Nagging me. Nagging, nagging, nagging. “Just go to the VA, tell them what’s happening. You need to talk to someone about this, I can’t help you anymore…I can’t hide you anymore.” Those were her last words to me as she left. I was numb. I didn’t care. In fact, I said to myself that I’d be fine without her. What was she to me anymore? I was numb to her. We hardly spoke, I didn’t want to tell her the stuff running through my head – it was my stuff, my fault, things I did. I had to live with that. She didn’t need to live with that. Gotta hand it to her though, she toughed it out.
Crowds. There were always crowds. Shouting. Moving. Screams. Anger. So many voices. So many dangers. Sirens to take care of theirs. Shouting. Jostling. Arms. Legs. Blood. Explosions rattling you inside your own skin. Danger. Danger. Danger. Everywhere you look, it’s all danger. No where is safe. You are not safe.
Pacing. Pacing. Pacing. Rambling voice. “Go away!” “Just LEAVE ME ALONE!!” Mumbles. Cries. Trying to stop it from showing itself to me again and again and again. Head pressing against a wall. Sobs. I feel like a child. I can barely hold up my own head. I have no control over this. I have no power. Chest is so tight. Head is so tight. I’m trying. I’m trying. Why does this not work? Why can’t I control my own head?? Why am I sobbing like a stupid kid!? Am I five years old again? I’m a man. I’m a GROWN MAN!
There’s noises outside. I can’t look. I have to concentrate. I have to stop this movie in my head. God, I need a smoke. Where is that pack? What was I doing? Shit, here it comes again. Grabbing my head again. I just want to breathe. I just want to be normal again. Grrrrrr. Bending forward, moaning, groaning. I just want it to stop. Stop for good. I just need it to stop bothering me.

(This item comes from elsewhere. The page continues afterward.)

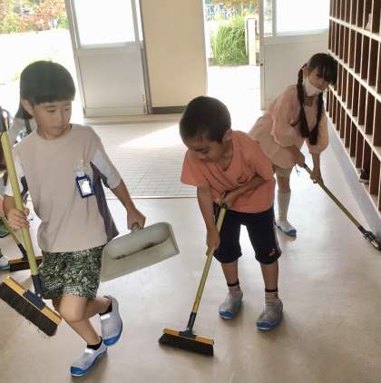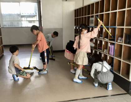 毎週水曜日は、掃除のない日…のはずが、1年の昇降口では、2組の子どもたちが自主的に清掃していました!
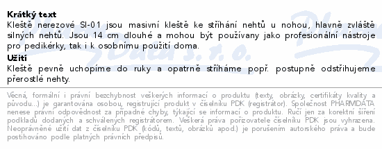 Kleště nerezové SI-01 jsou masivní kleště ke stříhání nehtů u nohou, hlavně zvláště silných nehtů. Jsou 14 cm dlouhé a mohou být používány jako profesionální nástroje pro pedikérky, tak i k osobnímu použití doma.

I tried. I did. I went…to the VA. They gave me meds. Made me feel like a zombie. Made it harder to clear my head. Made it harder to fight. I asked for more, something else, it wasn’t working. Sat down with “the doc”, she said she wasn’t a doc, who cares, she’s a doc, head shrink in my book. She said I had to “break it” and “ground myself”. Easier said than done lady, you give this a try. What did she say to do? Shit, I wish I could hear her fucking voice right now. She has this weird, calming voice. Makes me feel like a kid, safe in my mom’s arms. I hate feeling like a kid. But I hate feeling like a scared kid more.
Cold. Cold. She said get something cold. I don’t want to move my eyes too much. It’s hard to keep that balance. I start to get the upper hand and then I move my eyes, I lose my concentration and I can’t push it away anymore. I feel like a wave washes over me and I’m tumbling headlong in the surf. Cold? Cold. I’m supposed to get something cold. Water? Ice? Where am I? My body is moving on its own. My legs are just trying to take me away from the stuff my head is showing me.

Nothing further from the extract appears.